(Beginning of Material for this task)

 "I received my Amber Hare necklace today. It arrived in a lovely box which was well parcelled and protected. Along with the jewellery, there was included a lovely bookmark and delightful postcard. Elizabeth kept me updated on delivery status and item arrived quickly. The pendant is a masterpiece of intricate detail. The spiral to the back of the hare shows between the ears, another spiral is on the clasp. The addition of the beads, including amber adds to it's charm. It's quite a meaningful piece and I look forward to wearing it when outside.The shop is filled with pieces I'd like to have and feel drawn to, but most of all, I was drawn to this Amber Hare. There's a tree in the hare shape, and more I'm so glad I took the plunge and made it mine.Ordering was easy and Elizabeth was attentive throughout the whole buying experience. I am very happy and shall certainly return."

(End of Material for this task)
(Beginning of Material for this task)

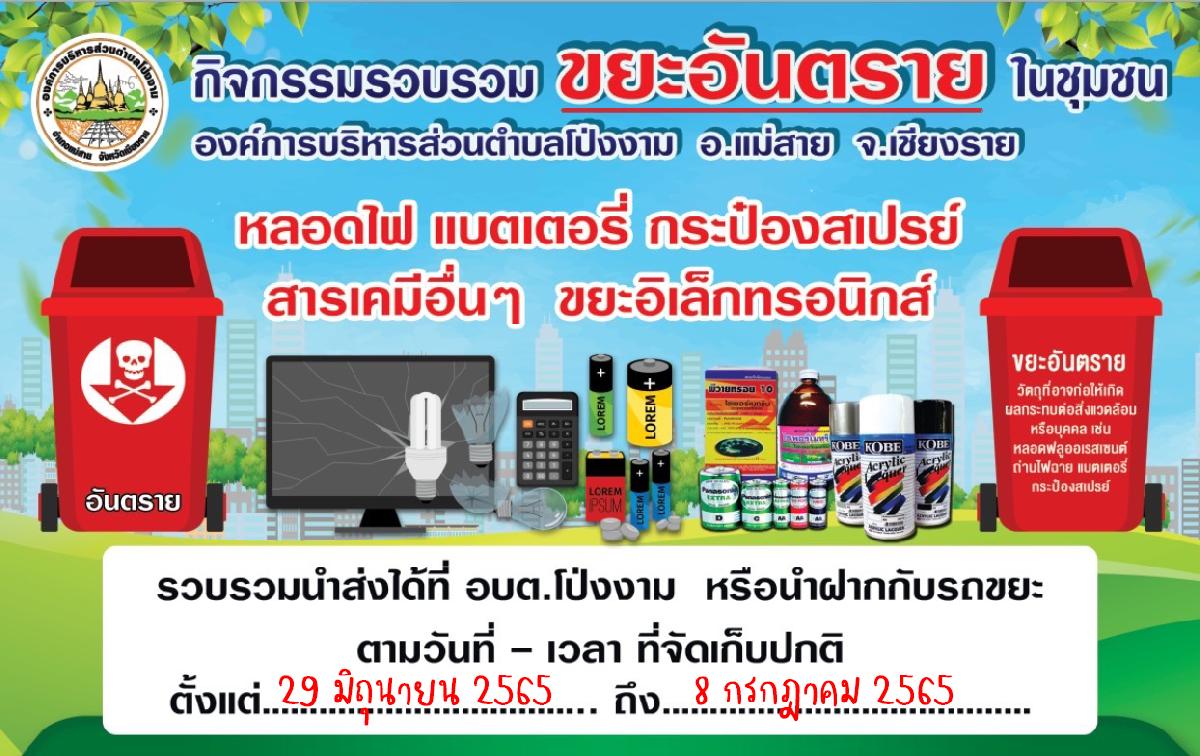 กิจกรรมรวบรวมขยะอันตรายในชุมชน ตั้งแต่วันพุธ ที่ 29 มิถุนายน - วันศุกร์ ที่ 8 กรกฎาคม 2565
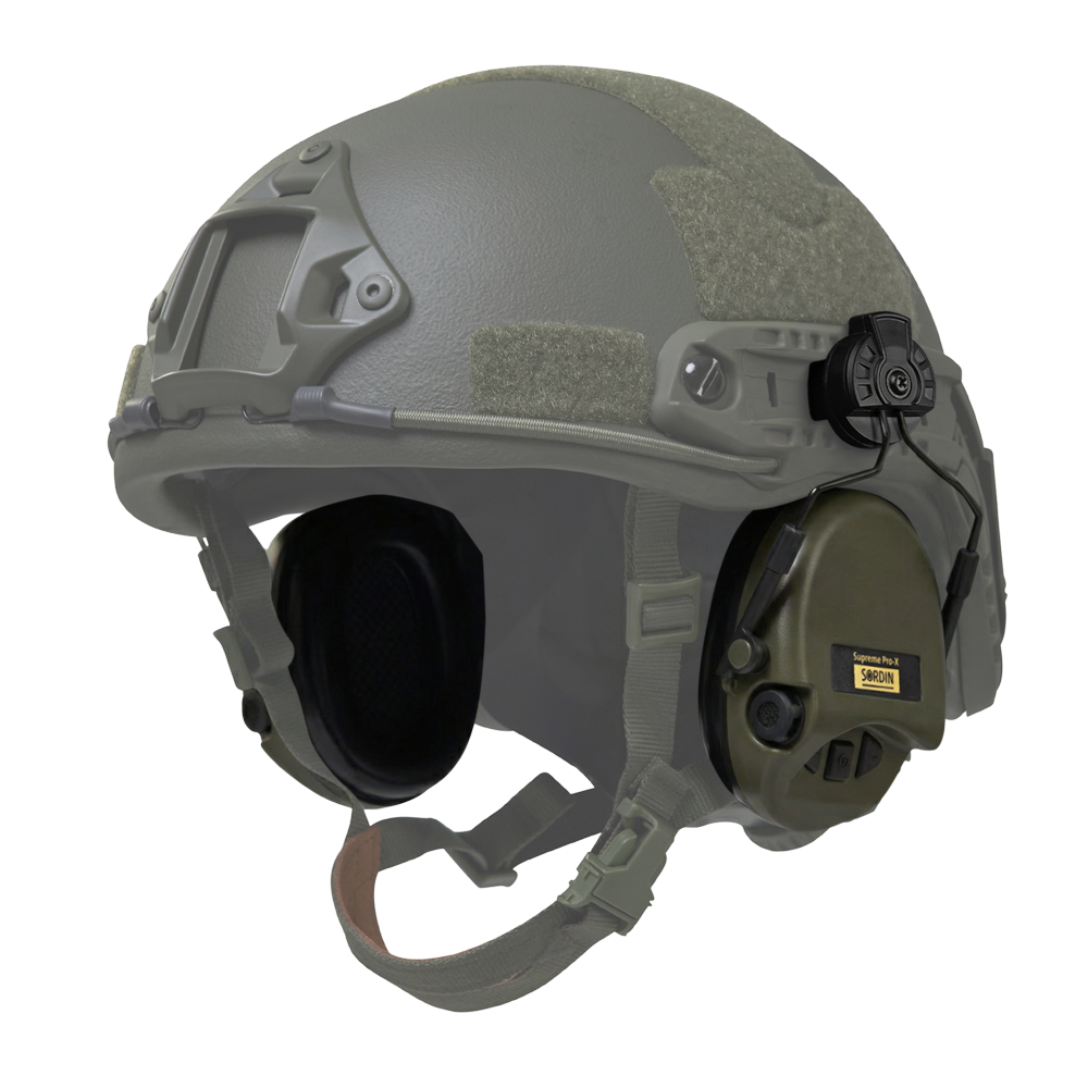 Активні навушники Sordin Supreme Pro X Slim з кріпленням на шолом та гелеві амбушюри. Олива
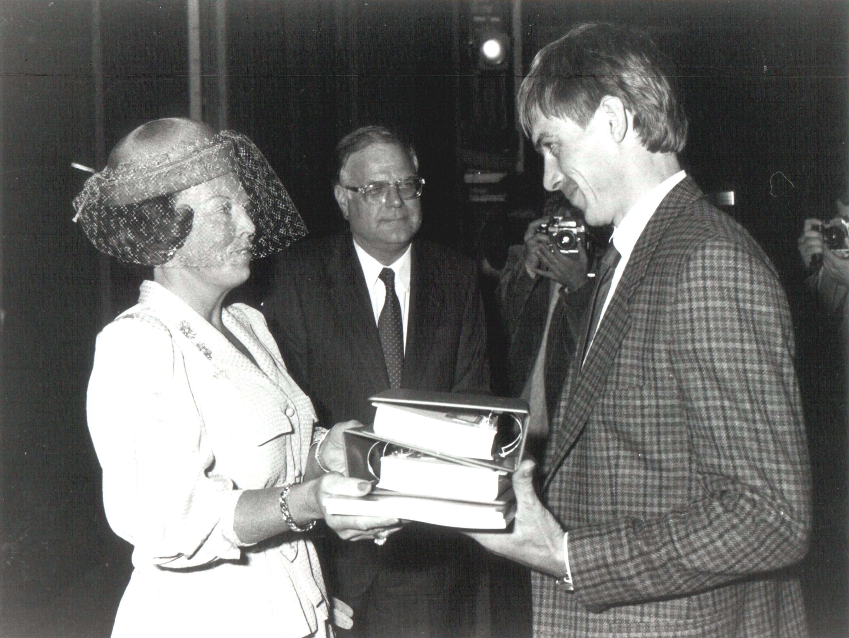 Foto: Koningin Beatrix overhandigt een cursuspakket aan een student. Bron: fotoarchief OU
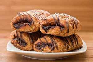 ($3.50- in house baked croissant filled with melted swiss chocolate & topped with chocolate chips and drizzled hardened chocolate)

(End of Material for this task)
(Beginning of Material for this task)

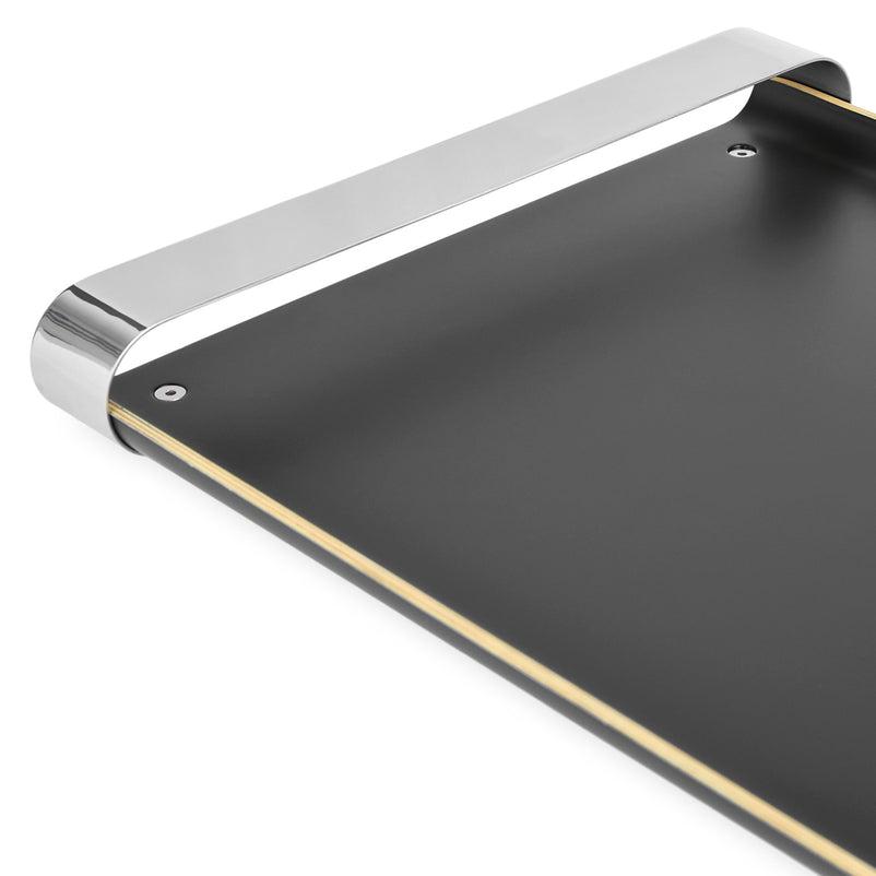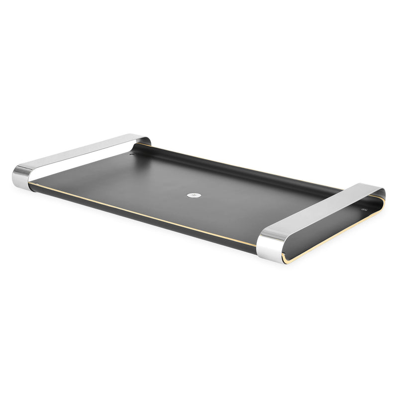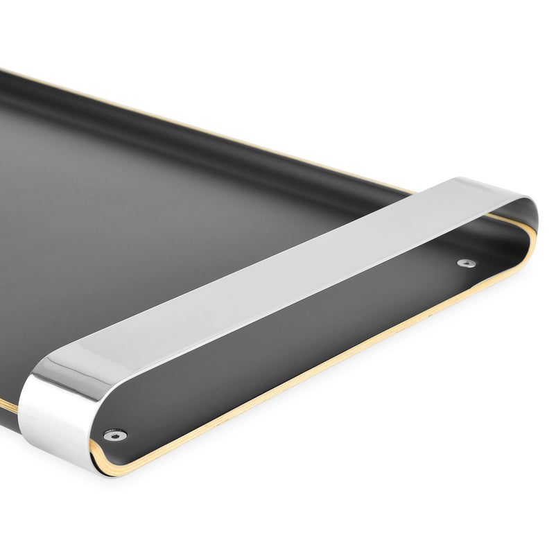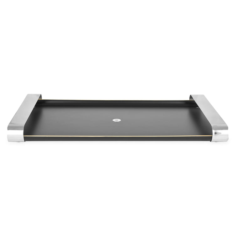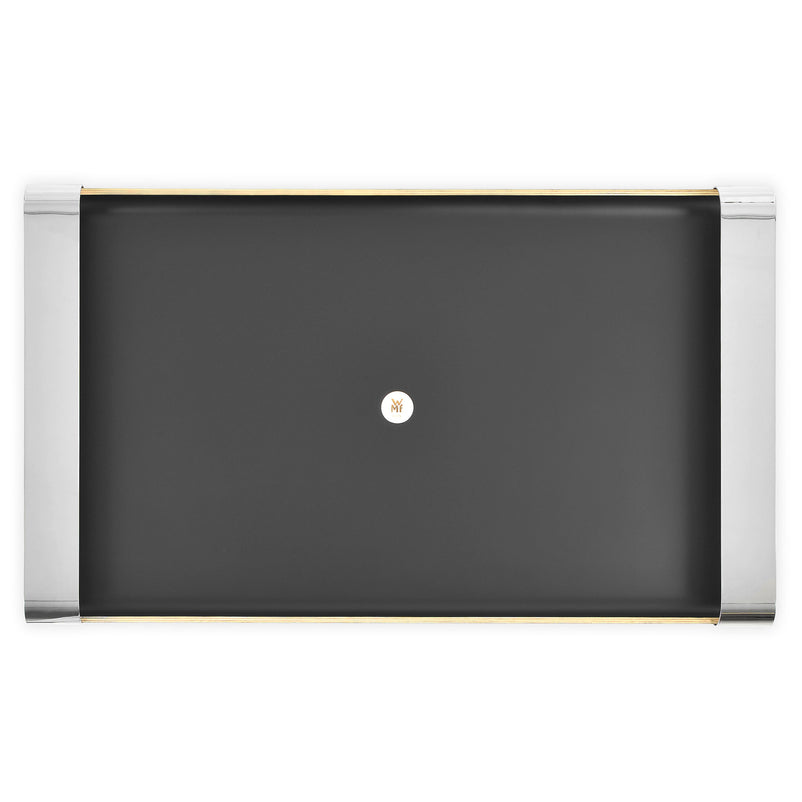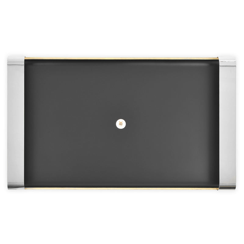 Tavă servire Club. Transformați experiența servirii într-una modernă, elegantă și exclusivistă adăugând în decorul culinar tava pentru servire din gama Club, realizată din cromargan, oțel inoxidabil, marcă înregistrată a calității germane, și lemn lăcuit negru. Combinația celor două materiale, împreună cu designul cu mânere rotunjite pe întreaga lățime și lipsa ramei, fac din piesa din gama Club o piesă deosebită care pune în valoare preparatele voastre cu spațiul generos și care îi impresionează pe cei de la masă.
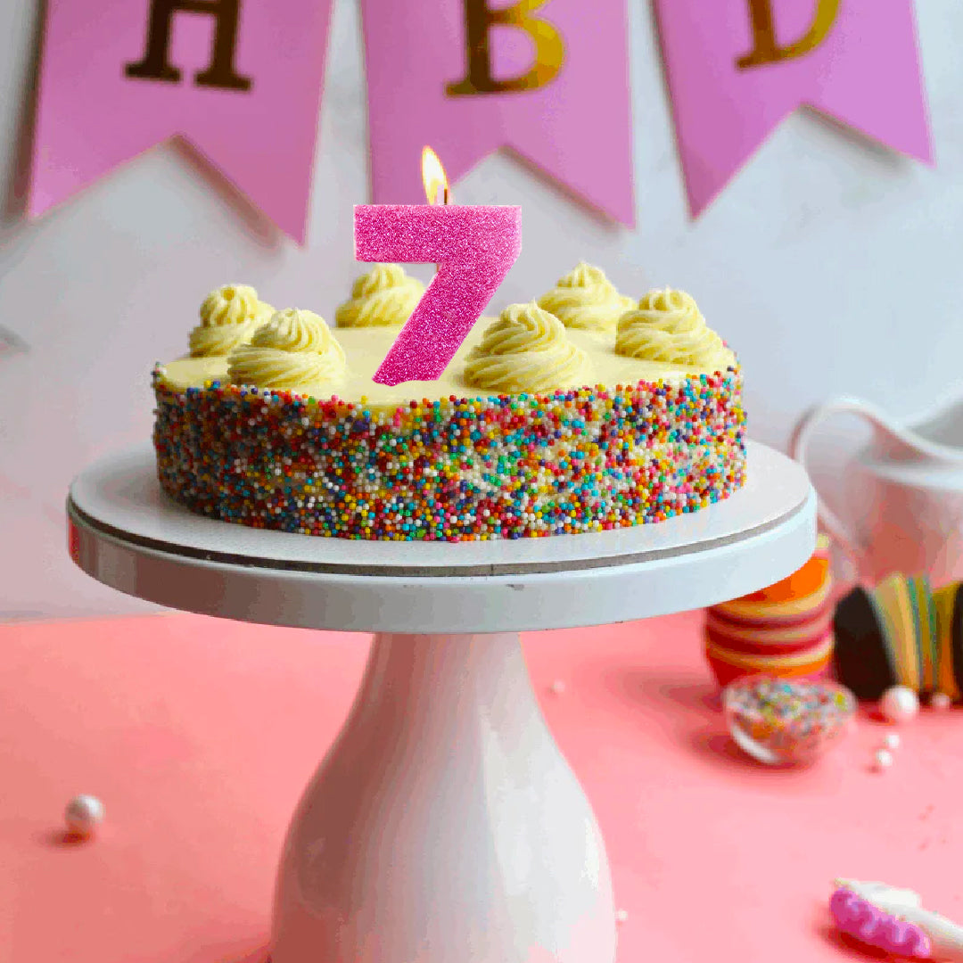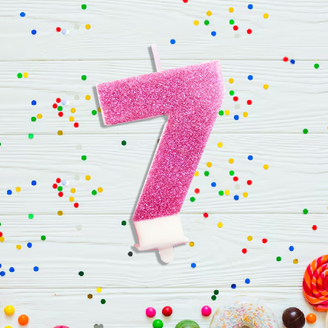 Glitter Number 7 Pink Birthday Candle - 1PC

(End of Material for this task)

Exercise details: The expected output is the lines above from the one containing "Tavă servire Club." to the one containing "Glitter Number 7 Pink Birthday Candle - 1PC", both ends included, reproduced exactly with every picture left out.

Solution to this task:
 Tavă servire Club. Transformați experiența servirii într-una modernă, elegantă și exclusivistă adăugând în decorul culinar tava pentru servire din gama Club, realizată din cromargan, oțel inoxidabil, marcă înregistrată a calității germane, și lemn lăcuit negru. Combinația celor două materiale, împreună cu designul cu mânere rotunjite pe întreaga lățime și lipsa ramei, fac din piesa din gama Club o piesă deosebită care pune în valoare preparatele voastre cu spațiul generos și care îi impresionează pe cei de la masă.
 Glitter Number 7 Pink Birthday Candle - 1PC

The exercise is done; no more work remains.